What are independent/predictor/exogenous variables?
· Independent (predictor) variable: variable that helps explain or predict a DV o It is the cause in a causal relationship · Exogenous variable: variable that is not affected by other variables in the system o Exogenous variables are fixed when they enter the model, are taken as a "given" in the model, influence endogenous variables in the model, are not determined by the model, are not explained by the model, and aren't affected by any other variables in the model (although it could be affected by factors outside of the linear regression model being studied)
What are phi coefficients, point-biserial correlations, and Spearman rank-order correlations?

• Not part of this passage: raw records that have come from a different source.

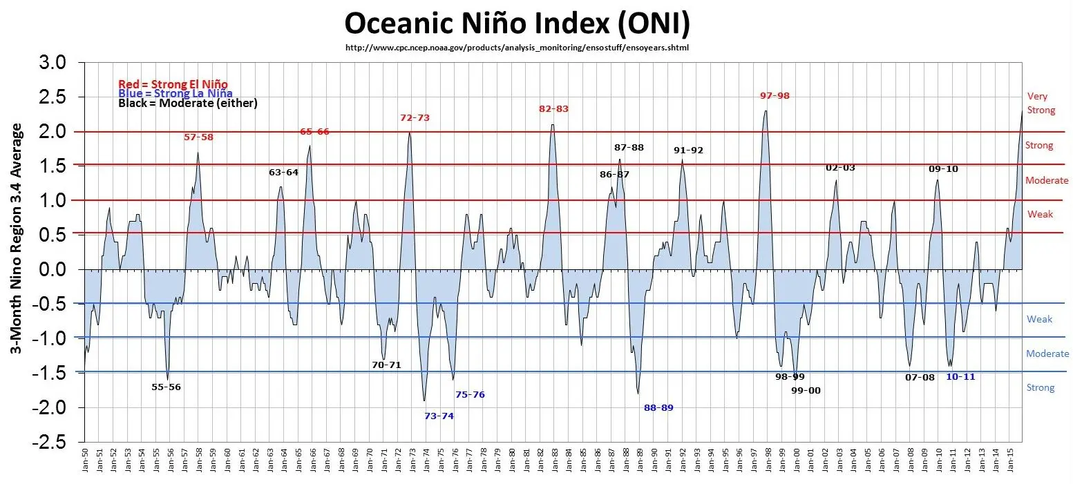 Dessa karakteristiska egenskaper framgår av figur 11 som visar tidsserien av ett ofta använt index för El Niño/La Niña – det så kallade "Oceanic Niño Index" eller ONI. En El Niño anses inträffa då ONI överstiger värdet 0,5 under fem på varandra följande månader. På motsvarande sätt anses en La Niña inträffa då ONI understiger värdet -0,5 under fem på varandra följande månader.
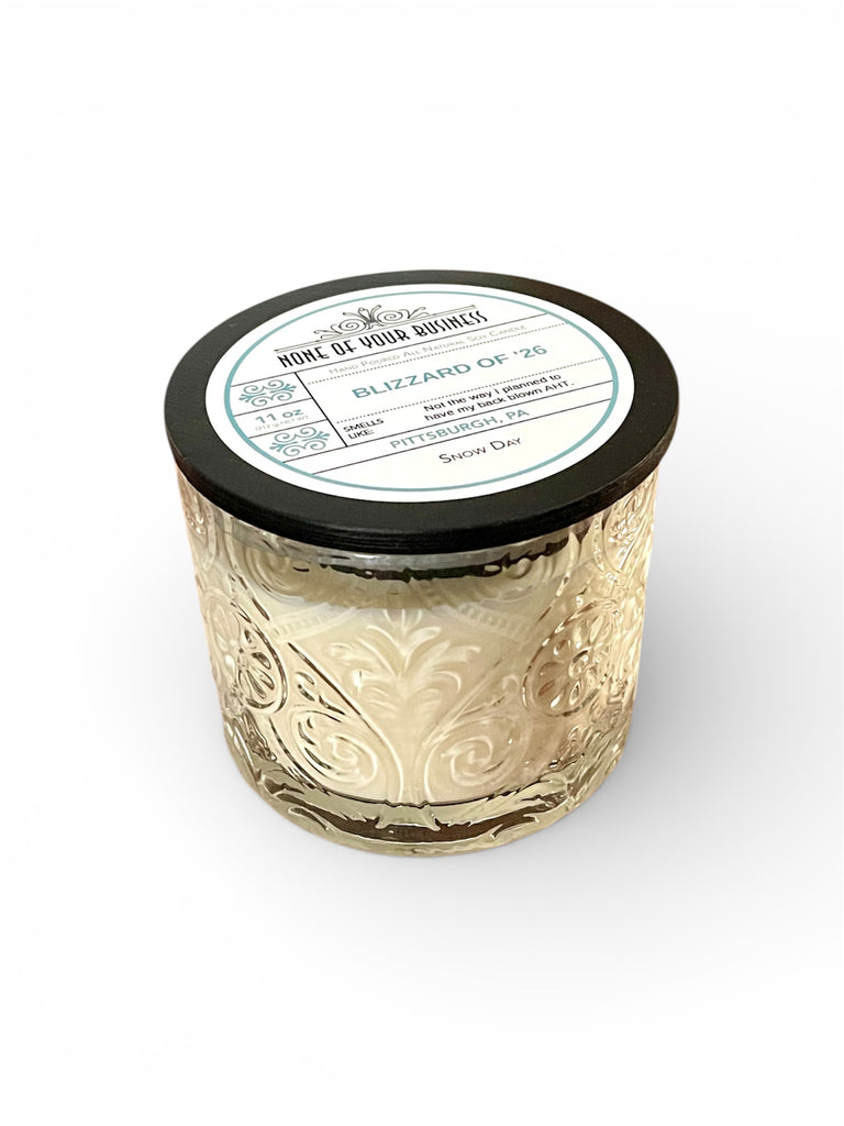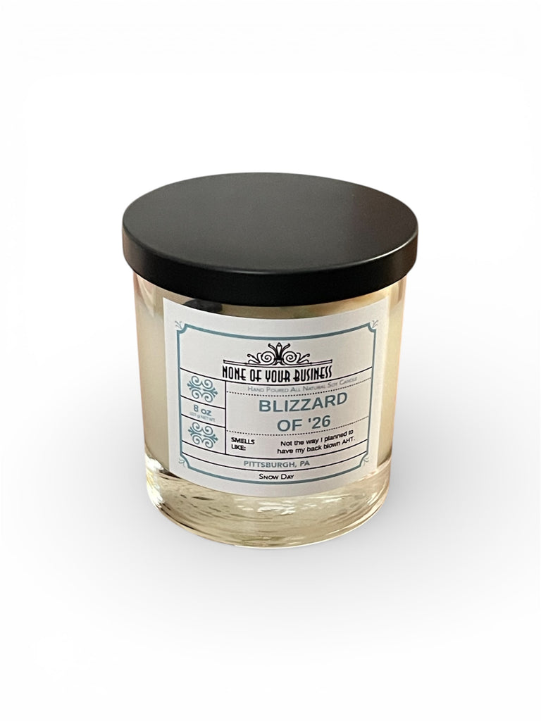 Smells Like: Not the way I planned to have my back blown AHT. Grab your sleds, scarves, and snowsuits because it’s going to be a cold one! Inspired by true events in January of 2026, this fast moving, cold as hell Polar Vortex had us all spiraling! This candle takes on the cool, crisp, sweet icy scent of freshly fallen snow.
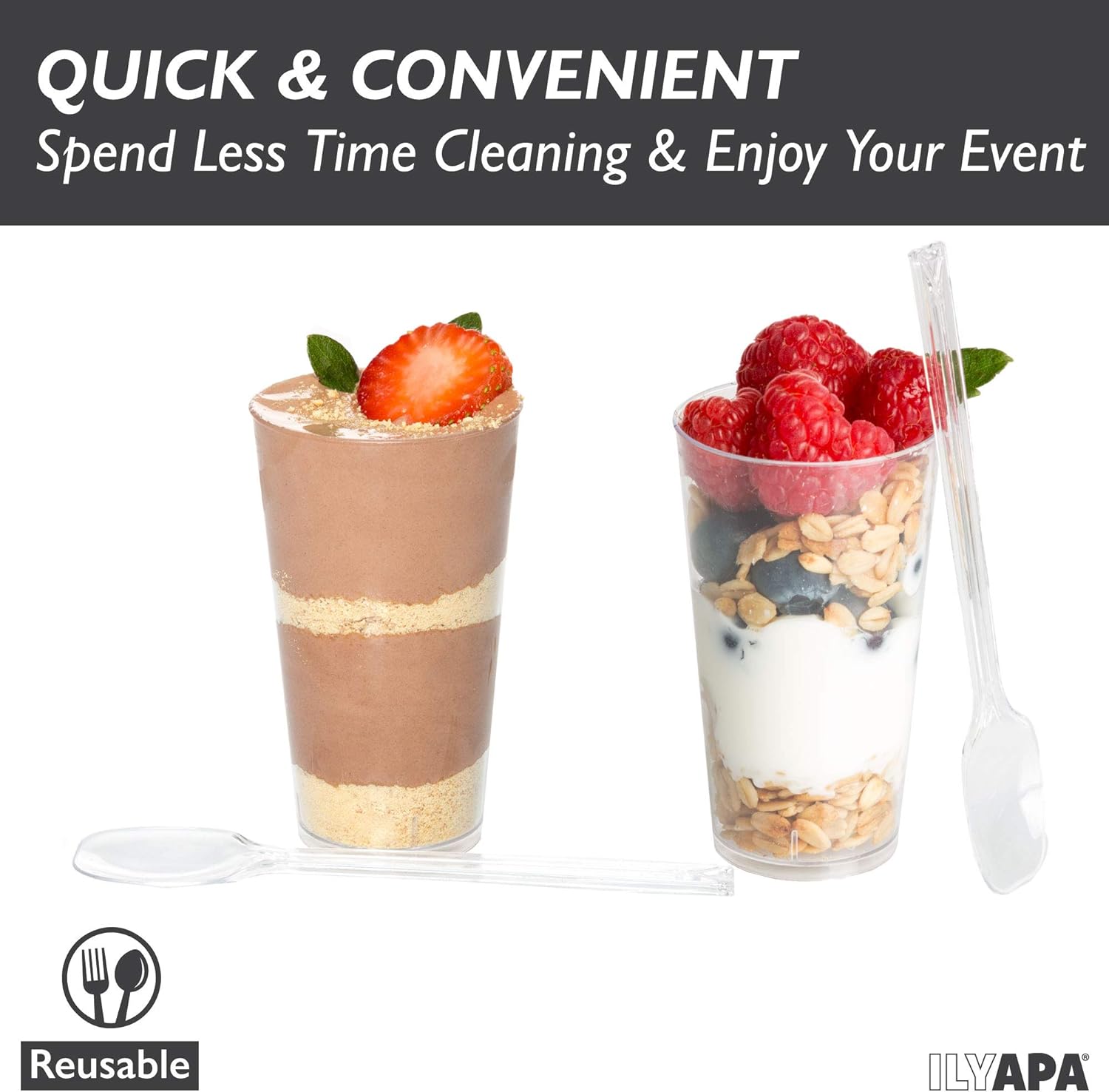 - Satisfaction Guaranteed - ILYAPA stands behind all of its products 100%. We use strong durable packaging to guarantee that your mini plastic dessert cups arrive in the best condition possible.
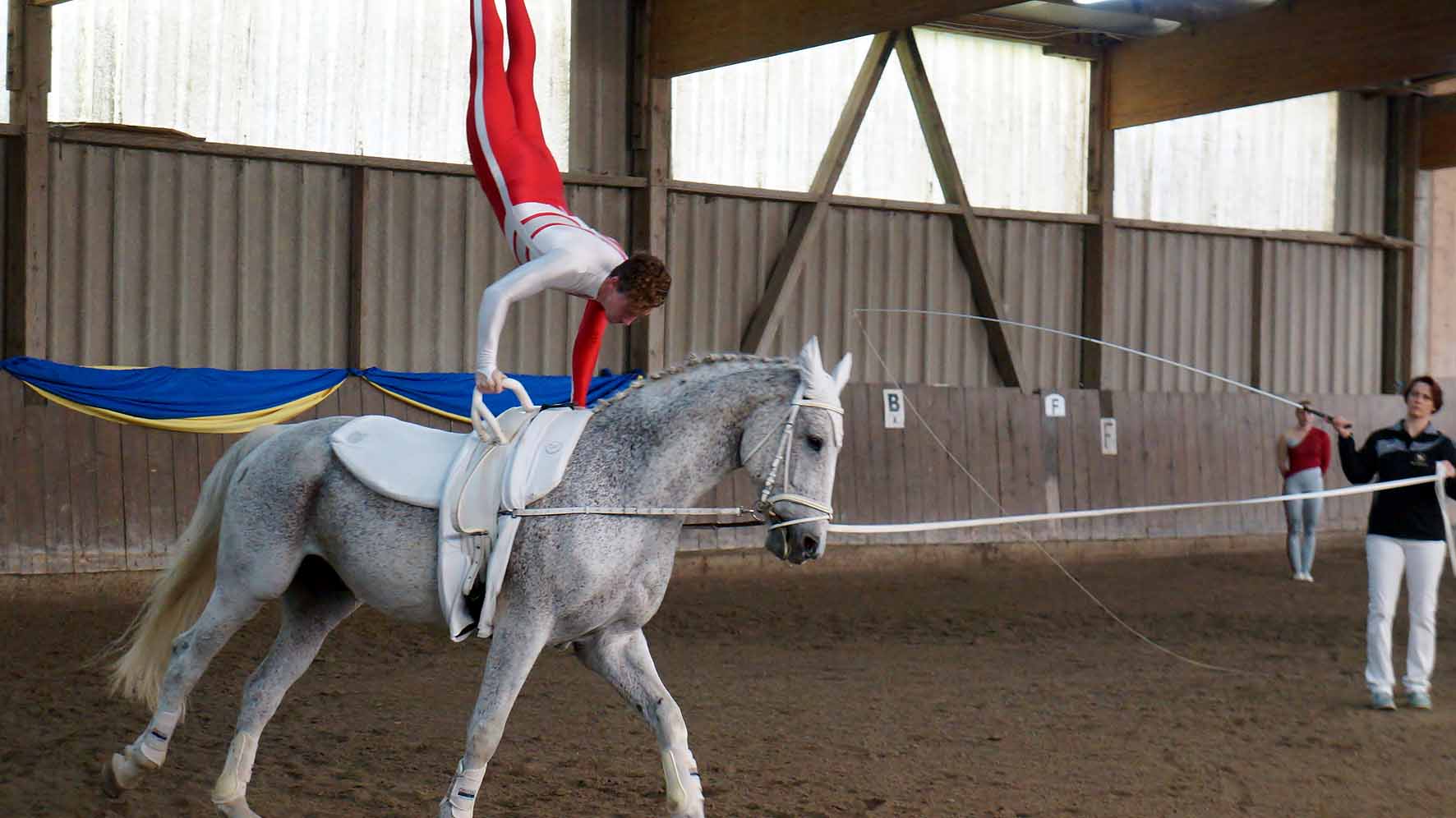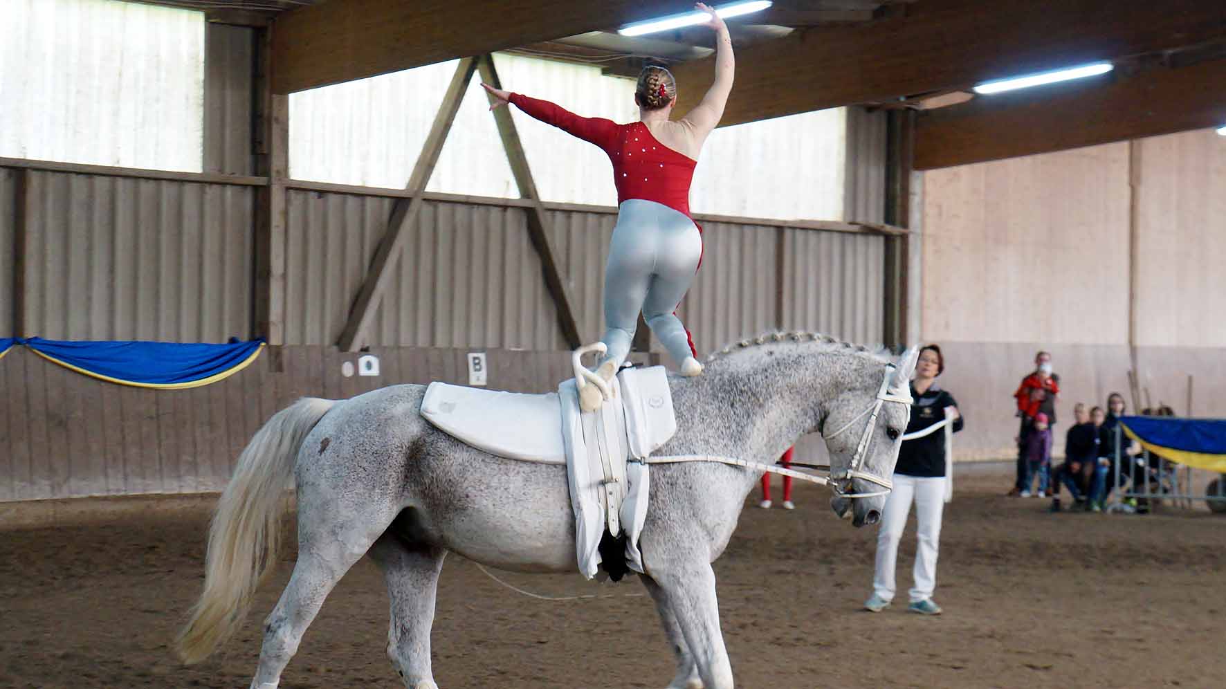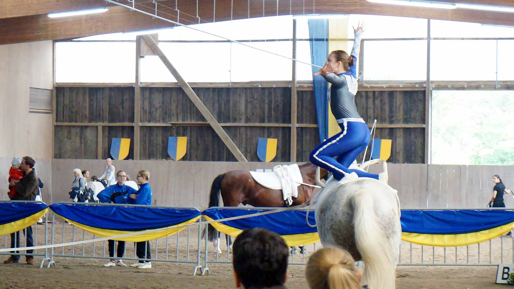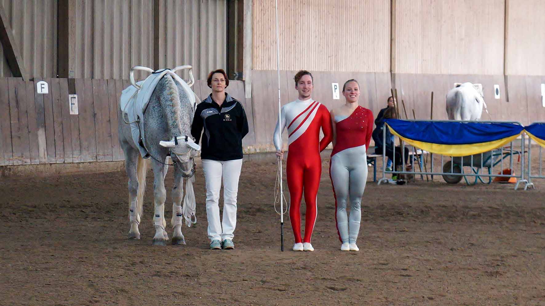 Den Anfang haben Carina und Tobi in der M-Prüfung gemacht. Carina konnte ihr Programm nochmal sehr sauber und gut ausgeführt zeigen und hat sich damit mit einer 6,7 den Sieg in dieser Prüfung gesichert. Tobi hatte in seiner Kür leider einen Sturz, den er aber schnell in einen Bodensprung umwandelte. Trotzdem hat es ihm noch mit einer 6,5 auf den 2. Platz gereicht.

The phi coefficient is a measure of the degree of association between two binary variables. This measure is similar to the correlation coefficient in its interpretation. The point biserial correlation coefficient (rpb) is a correlation coefficient used when one variable (e.g. Y) is dichotomous. The point-biserial correlation is mathematically equivalent to the Pearson (product moment) correlation, that is, if we have one continuously measured variable X and a dichotomous variable Y, rXY = rpb. This can be shown by assigning two distinct numerical values to the dichotomous variable. is a nonparametric measure of rank correlation (statistical dependence between the rankings of two variables). It assesses how well the relationship between two variables can be described using a monotonic function. The Spearman correlation between two variables is equal to the Pearson correlation between the rank values of those two variables; while Pearson's correlation assesses linear relationships, Spearman's correlation assesses monotonic relationships (whether linear or not). Spearman's coefficient is appropriate for both continuous and discrete ordinal variables.
What are the differences among r, r2, R, and R2, and adjusted R2?
The r statistic is the simple correlation. The r2 is the squared correlation that tells us the amount of shared variance between two variables. R is the level of relationship between the dependent variables and the independent variables as a group. R2 is the amount of variance in the dependent variable explained by the independent variables as a group. Adjusted R2 can be interpreted as the R2, but it is adjusted for the number of variables included in the model.
What are the standard error of the mean, the standard error of the estimate, and the standard error of measurement?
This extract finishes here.